Over het belangrijkste punt kan geen twijfel bestaan: de Keltische eilanden liggen inderdaad "in het noorden van de wereld"; elk van hen is, zoals elke vakantie in de tijd, een hele, complete wereld, een microkosmos, en de god die óf regeert of erin woont, is een formidabel karakter: Kronos is in de Griekse interpretatie de Gallische Dispater, de god van de doden, de vader alle levenden. In Ierland wordt Dagda ook wel Eohaid genoemd, "de vader van allen", en zijn knots vermoordt hem met het ene doel en brengt hem tot leven met het andere. [537 - Mesca Ulad, ed. Watson, 28.]
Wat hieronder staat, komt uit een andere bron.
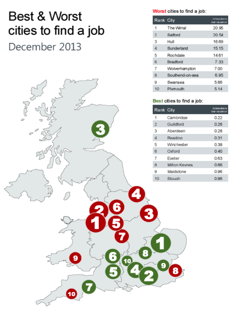 There are, however, a few signs that the situation is improving for some industrial pockets in the North. Wolverhampton may be the seventh worst city in the UK to find a job, but competition for vacancies in the city is falling rapidly, and has dropped 38% over the last six months, bolstered by a strong service sector, and growing manufacturing and engineering industries.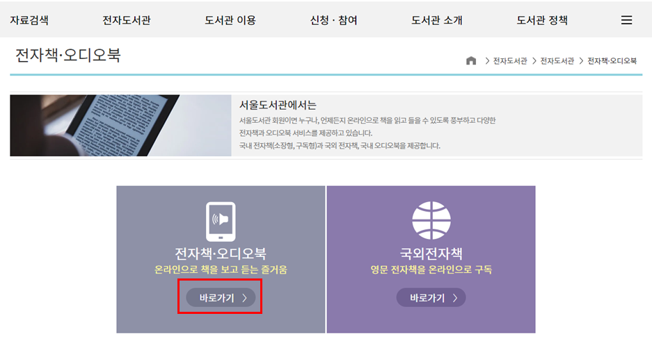 화면이 변경되면, '전자책&오디오북 바로가기'를 클릭하세요.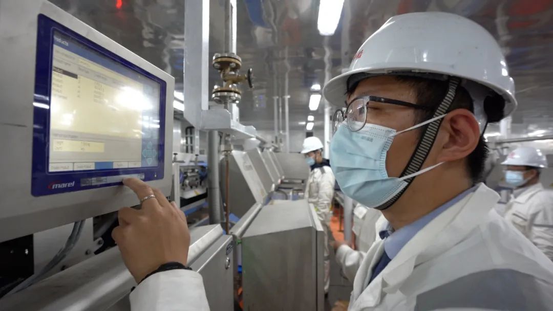 船上暗藏玄机。工作人员紧张地盯着屏幕,各类机械忙碌不停:吸鱼、预冷、分拣、冰鲜等一道道工序如流水线般穿梭不停,仅需45分钟,即可将起捕的大黄鱼装箱运出;另一边,家住陕西省的毕女士正在短视频平台上轻点“小黄车”。

Tegelijkertijd is Dagda de druïde god Ruad Rofhessa (Ruaidh Rofhessa - "Rood van perfecte wetenschap") [538 - De naam "Eohaid" gaat terug op de combinatie "Ivo-catus", "vechten met een taxus", zo'n bijnaam van Dagda is erg belangrijk en niet in tegenspraak voor zijn waardigheid als druïde god, zie Eriu, V, 8, 16: "Zij (Tuatha de Dannan) hadden een god van het druïdisme, de grote Dagda, aangezien hij de meest goddelijke is."] "Mijn god is vóór alle andere goden …" zegt Mog Ruith.

Image
Image

Buiten tijd en ruimte leiden de inwoners van het "Land van de Jeugd" een gelukkig leven zonder zorgen en fouten. Ze worden niet bedreigd door de "triade van rampen" die J. Dumézil bestudeerde [539 - Latomus, 14, 173 sqq.] En het einde van de wereld. Niettemin voorspelden de druïden een catastrofe die ze niet konden of wilden voorkomen: "Op een dag zullen vuur en water zegevieren." [540 - Strabo, IV, 4.] Zal dit het einde van de wereld zijn of het einde van een cyclus? Aan het einde van de "Slag om de Mag Tuired" (§ 167) profeteert de godin van de oorlog: "Ik zal het licht dat mij dierbaar is niet zien.